### Task to carry out
I need the records below restated word for word, without their pictures.

### Entries shown
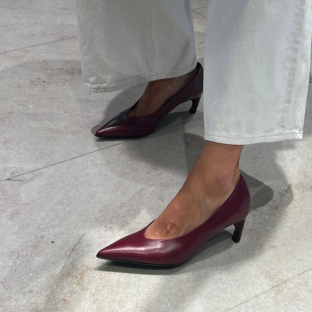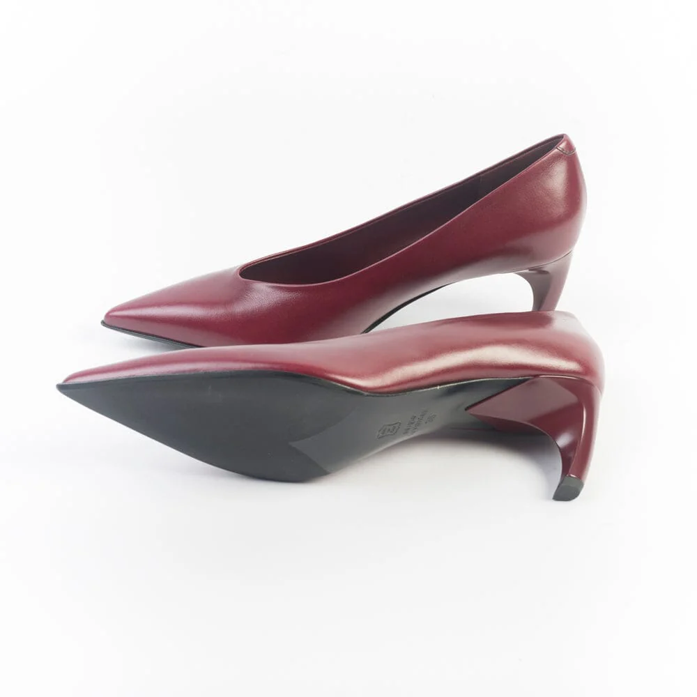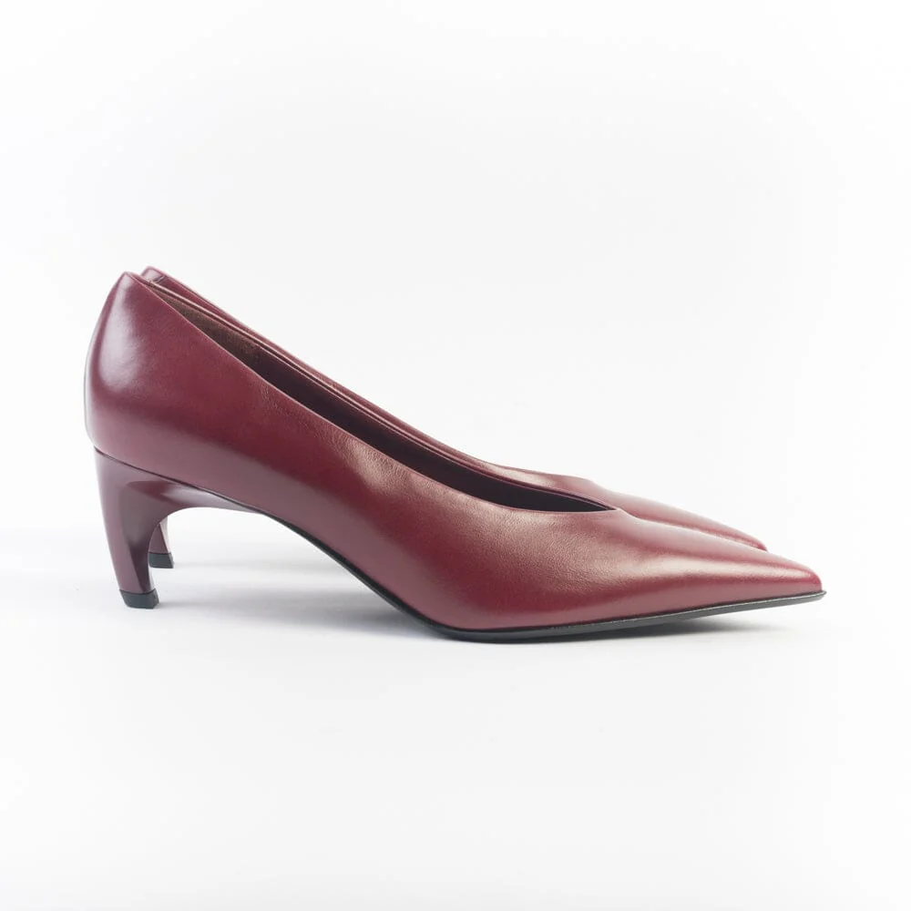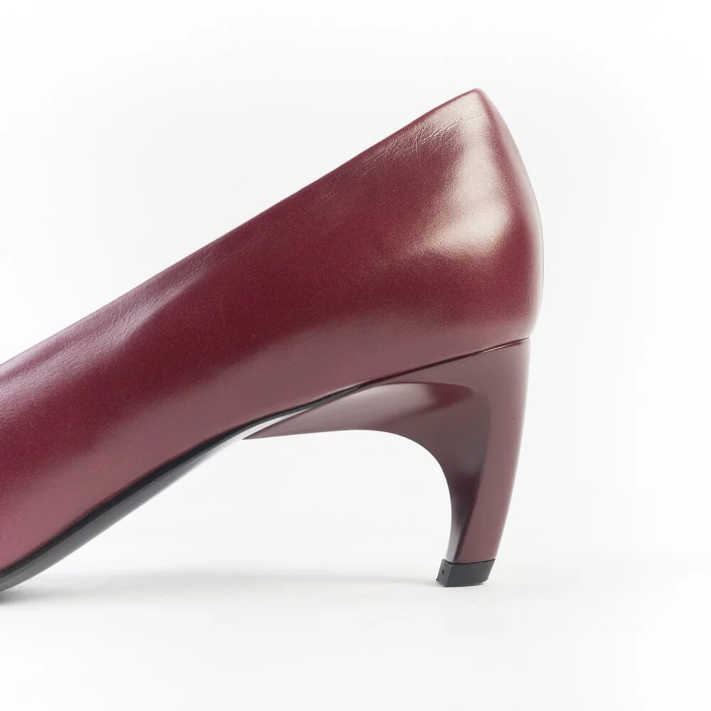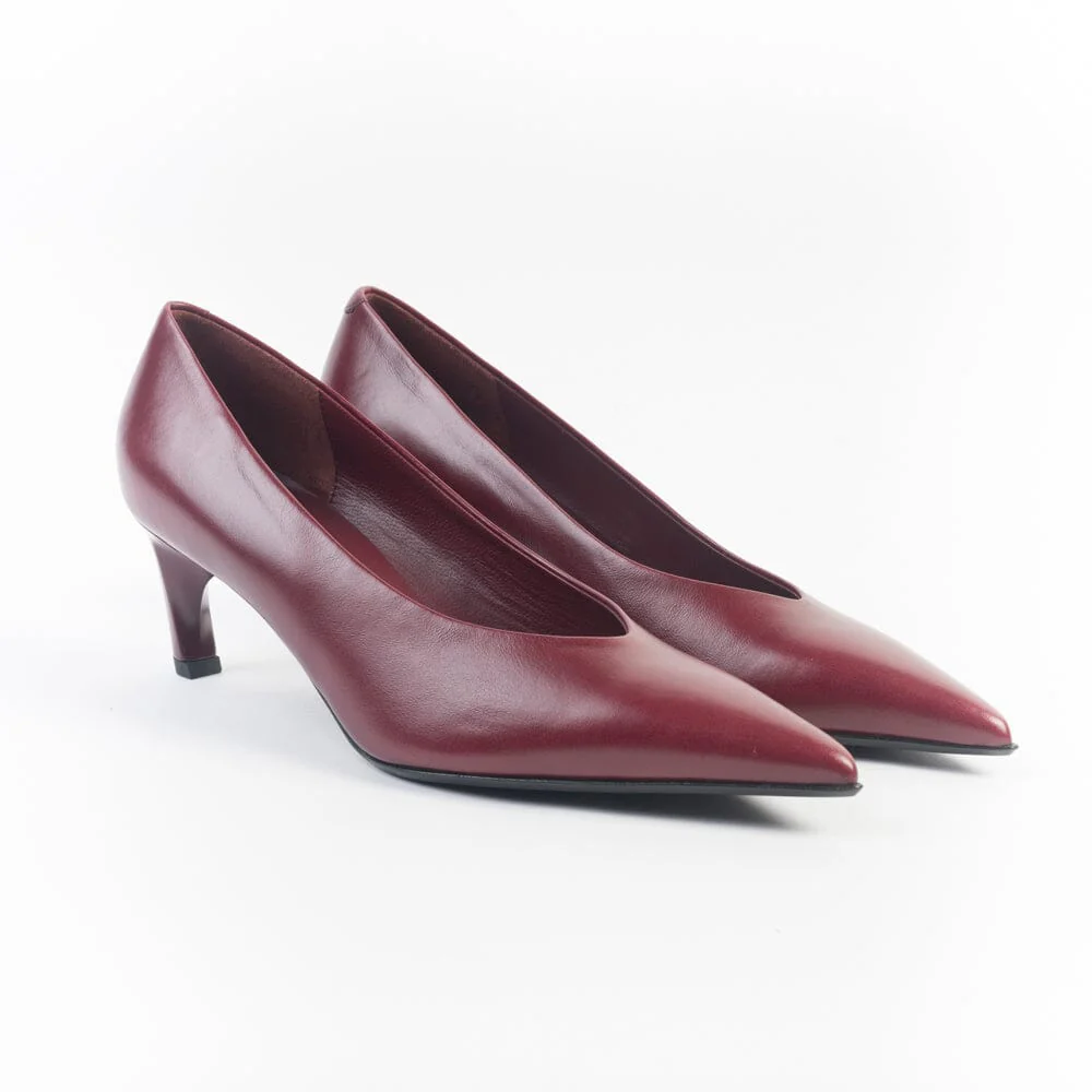 Décolleté di Sergio Levantesi realizzato in morbida pelle di vitello di colore bordeaux. Interno e sottopiede in pelle. Tacco di design di 6 cm. Suola in cuoio con inserti in gomma di colore nero.
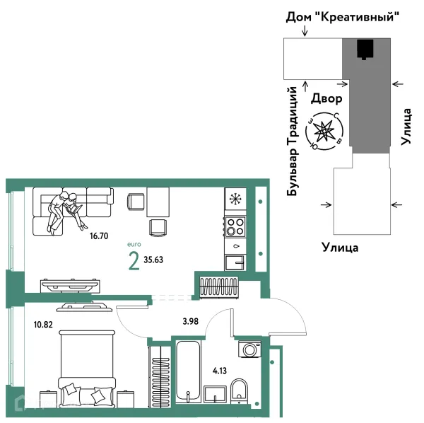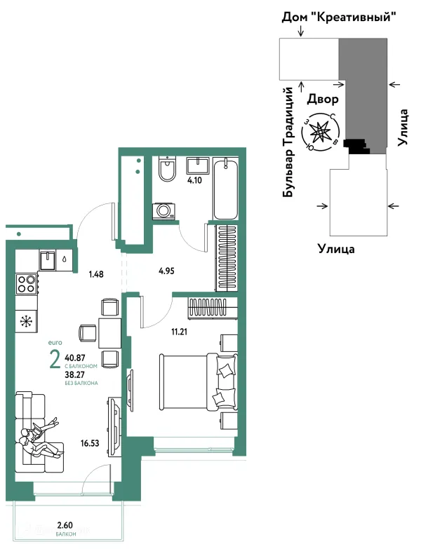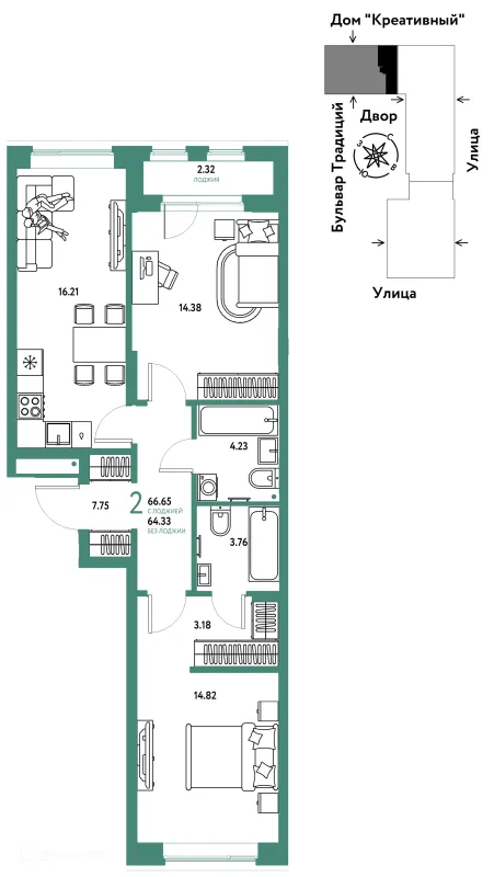 2 комн. квартира в Тюмени в ипотеку от 60 582 руб/месяц
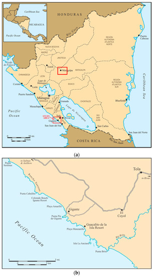 (a) Map of Nicaragua and study areas; (b) Map of Gigante and coastal Tola.
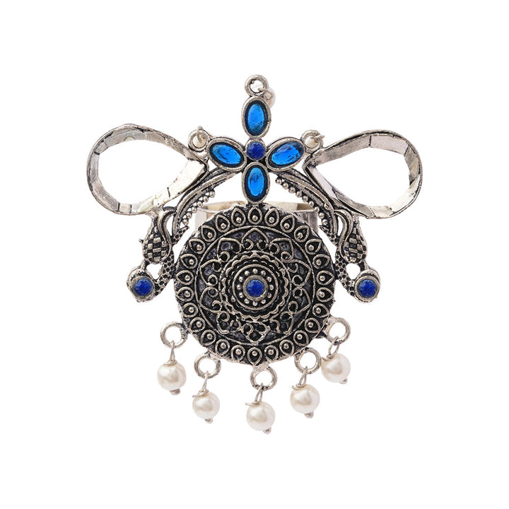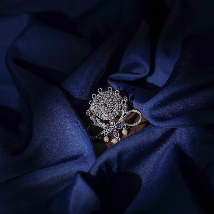 This oxidised ring combines intricate detailing with a vintage-inspired design, offering a timeless piece that exudes elegance and sophistication. Perfect for complementing both casual and formal attire, it adds a touch of antique charm to any ensemble, making it a versatile addition to your jewelry collection.
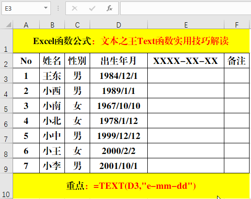 三、Text函數(shù)與“e-mm-dd”日期格式。
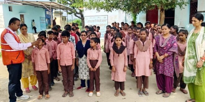 – बच्चों को दवा वितरित करते रेडक्रास चेयरमैन।
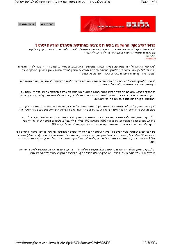 פרופ' זסלבסקי: ההשקעה בפיתוח אנרגיה מתחדשת תשתלם למדינת ישראל
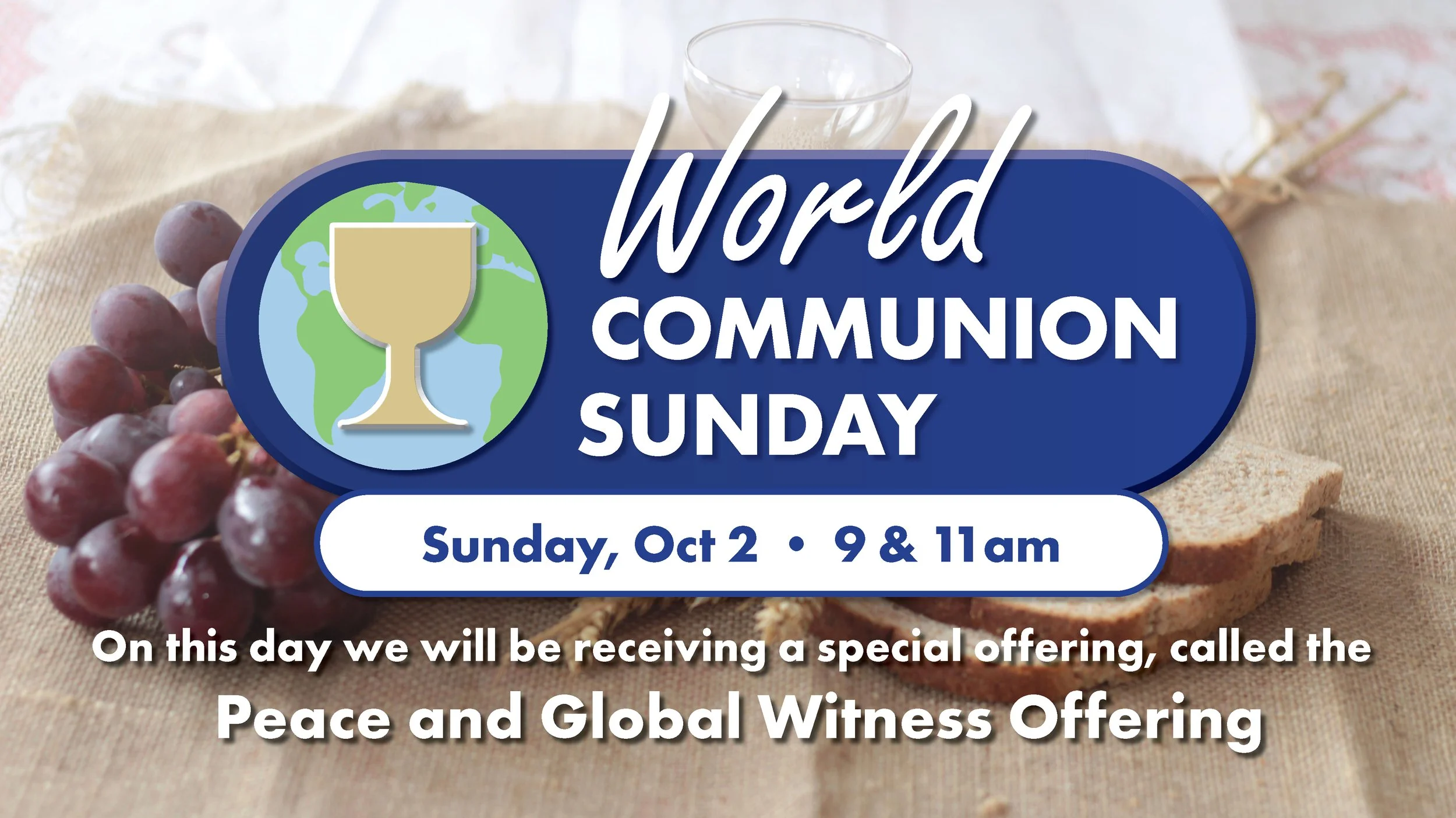 We will be receiving the annual Peace and Global Witness Offering, which enables the church to promote the Peace of Christ by addressing systems of conflict and injustice across the world.
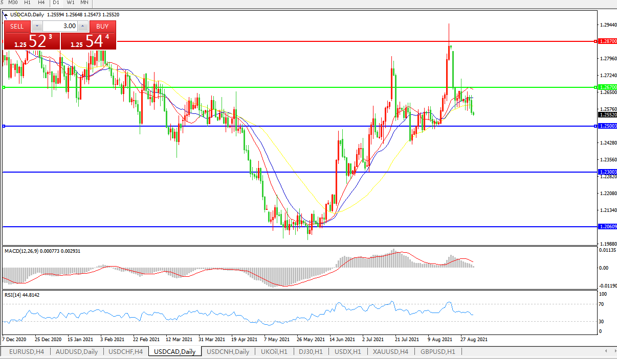 随着油价大涨,美元兑加元跌0.53%至1.2553,创8月16日以来新低;8月31日低点1.2569是近期支撑位
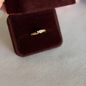 This elegant gold-tone ring features a stunning three-stone centerpiece accented with sparkling cubic zirconia stones along the band. A perfect mix of timeless elegance and modern shine.
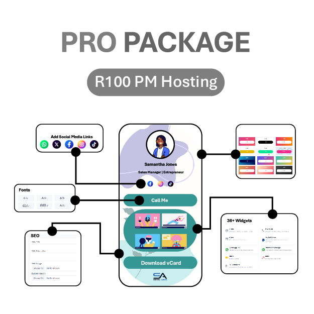 Introducing the Pro package. This is an NFC Bioprofile package that comes with a pvc printed NFC card and your client portal login with full control over your account. This package is linked to a hosting fee of R100 per month.
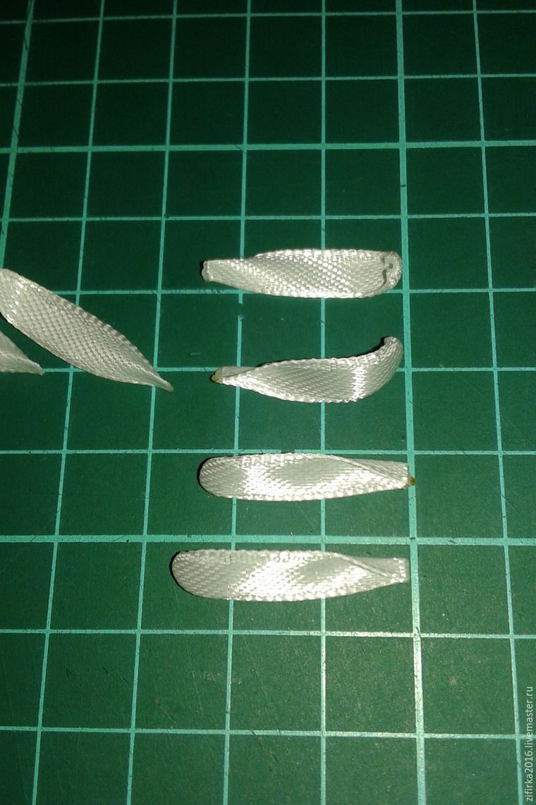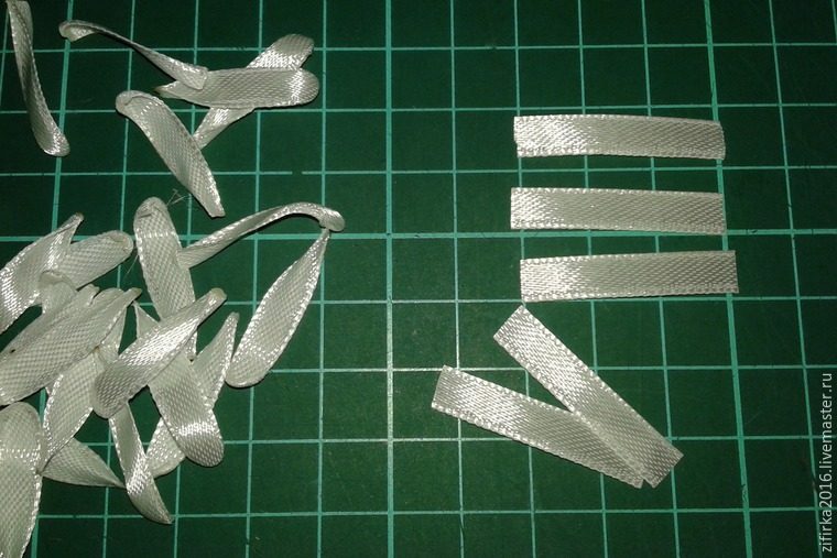1. Делаем лепестки. Для этого нарезаем белую ленту на отрезки по 3 см. На одну ромашку нам потребуется 38 шт.

### Exercise output
 Décolleté di Sergio Levantesi realizzato in morbida pelle di vitello di colore bordeaux. Interno e sottopiede in pelle. Tacco di design di 6 cm. Suola in cuoio con inserti in gomma di colore nero.
 2 комн. квартира в Тюмени в ипотеку от 60 582 руб/месяц
 (a) Map of Nicaragua and study areas; (b) Map of Gigante and coastal Tola.
 This oxidised ring combines intricate detailing with a vintage-inspired design, offering a timeless piece that exudes elegance and sophistication. Perfect for complementing both casual and formal attire, it adds a touch of antique charm to any ensemble, making it a versatile addition to your jewelry collection.
 三、Text函數(shù)與“e-mm-dd”日期格式。
 – बच्चों को दवा वितरित करते रेडक्रास चेयरमैन।
 פרופ' זסלבסקי: ההשקעה בפיתוח אנרגיה מתחדשת תשתלם למדינת ישראל
 We will be receiving the annual Peace and Global Witness Offering, which enables the church to promote the Peace of Christ by addressing systems of conflict and injustice across the world.
 随着油价大涨,美元兑加元跌0.53%至1.2553,创8月16日以来新低;8月31日低点1.2569是近期支撑位
 This elegant gold-tone ring features a stunning three-stone centerpiece accented with sparkling cubic zirconia stones along the band. A perfect mix of timeless elegance and modern shine.
 Introducing the Pro package. This is an NFC Bioprofile package that comes with a pvc printed NFC card and your client portal login with full control over your account. This package is linked to a hosting fee of R100 per month.
1. Делаем лепестки. Для этого нарезаем белую ленту на отрезки по 3 см. На одну ромашку нам потребуется 38 шт.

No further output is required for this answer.